Dushistov / flapigen-rs

Tool for connecting programs or libraries written in Rust with other languages
BSD 3-Clause "New" or "Revised" License
776 stars 59 forks source link

Threading / Runtimes / Safety #277

Open arrtchiu opened 5 years ago

arrtchiu commented 5 years ago

This question is a bit more general than rust_swig, but it's slightly related and I imagine many more people will be dealing with similar things as this fantastic library gains popularity.

I'm writing an app for both iOS and Android, for which I'm building a shared core in Rust and using rust_swig to manage both C and Java bindings.

What's tricky for me, though, is about threading and async stuff like network calls. We obviously can't run network i/o on the main thread (difficult/impossible compatibility with the UI frameworks), so the runtime would have to spool up background thread(s) in order to do its i/o work.

Since the i/o and other work would be happening in a background thread, simply calling into a foreign_callback! (for example a future on a web request), would be happening in a background thread. This is where I get confused - If I make calls to Rust objects here, I think I'm losing the thread-safety guarantees provided by the Rust compiler (it's gone into C land, therefore unsafe). Is that accurate?

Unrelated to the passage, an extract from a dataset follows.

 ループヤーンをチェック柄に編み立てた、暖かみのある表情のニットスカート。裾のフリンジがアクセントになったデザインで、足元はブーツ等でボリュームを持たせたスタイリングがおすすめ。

Couple of ways I can think of solving it:

  1. Find a way to have rust_swig or my foreign_callbacks always dispatched on the main queue (i.e. dispatch_async(dispatch_get_main_queue()... on iOS). Doesn't work if the foreign_callback is expected to have a side effect or return a value, though.
  2. Expose parts of the runtime to the native app, letting the app control threading and just tell the runtime to "run" on a background thread. Then do thread safety manually.
  3. Mutex all the things and make the Rust lib completely thread-safe. Maybe not possible or practical.

Quite sure I'm not the first person to ever attempt this - do you possibly know any project out there you could point me at that does this well?

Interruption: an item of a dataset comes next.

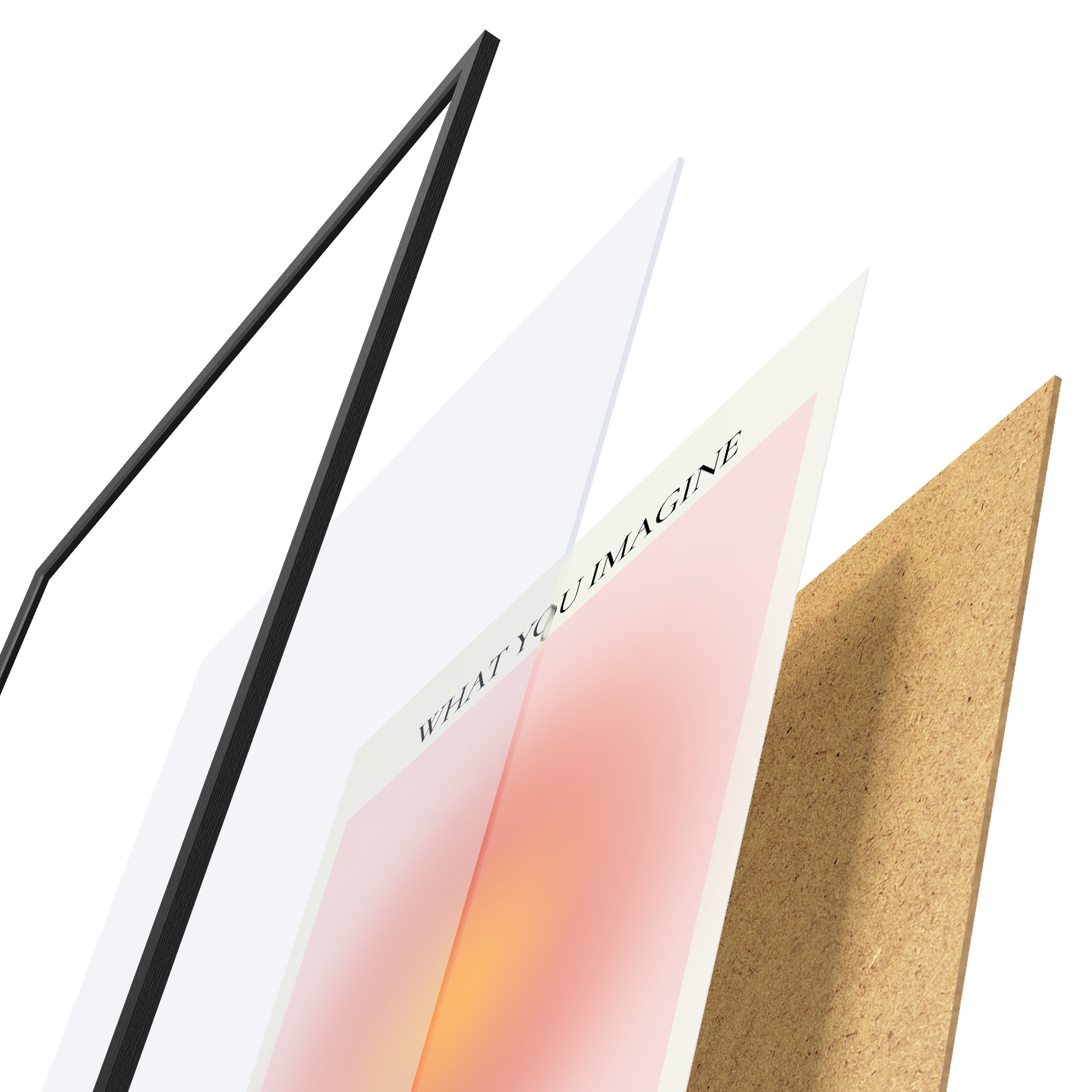 Das Poster besteht aus einem Rahmen, Plexiglas, einem gedruckten Bild und einer Rückwand aus Spanplatten. Dank der Halterungen auf der Rückseite kann das Poster sofort an die Wand gehängt werden.

Dushistov commented 5 years ago

I'm losing the thread-safety guarantees provided by the Rust compiler (it's gone into C land, therefore unsafe). Is that accurate?

You obliviously loose any Rust guarantee when you use Rust from other language, not only thread safety, but also memory safety and so on thing. Obviously Java/C++ compiler have no idea about "one mutable reference" invariant, and about Send / Sync traits and so on things.

rust_swig is just attempt to reduce surface of problem, because of it uses the same rules for all API generation, if you have bug, you can just fix one rule and not all code.

Quite sure I'm not the first person to ever attempt this - do you possibly know any project out there you could point me at that does this well?

Yes, I am personally use rust_swig for writting GUI, because of Rust GUI frameworks are not mature enough.

Find a way to have rust_swig or my foreign_callbacks always dispatched on the main queue

That almost what I did/do. For example you want inform GUI that your background job finished, this may be Rust future or CPU intensive task that you spawn in different thread, you call callback and jump to other language (C++/Java/XXX), in this language you just post message to main GUI loop. In Java/Android, Qt/C++ you can post message to main thread event loop form any other thread, and subscribes in main GUI event loop peek messages and handle them.

For example, for C++/Qt I use QFuture. I write one rule to semi-automaticaly convert impl Future to QFuture, so I can spawn async Rust task and handle it in completely Qt way, so I don't care in which thread and how tokio runtime works, I get my data in Qt GUI thread via standard Qt mechanism - QFuture. And because of all multi-thread job is done on Rust, Rust compiler can guarantee that all is almost fine, except one my rule, that I should carefully review.

Internally this rule just pass message from tokio background thread to main one.

The similar thing is for Java/Android. I use LiveData. Because of my Java/Android doesn't often use Rust async future, I just use foreign_callback to invoke MutableLiveData.postValue and that's all (I don't write any rules for this). Android/SDK care about multithreading and invoke observers in the main thread, not in the thread where I call MutableLiveData.postValue. Again the same scheme post event in background thread to main event loop, and after some time code in main thread handle data.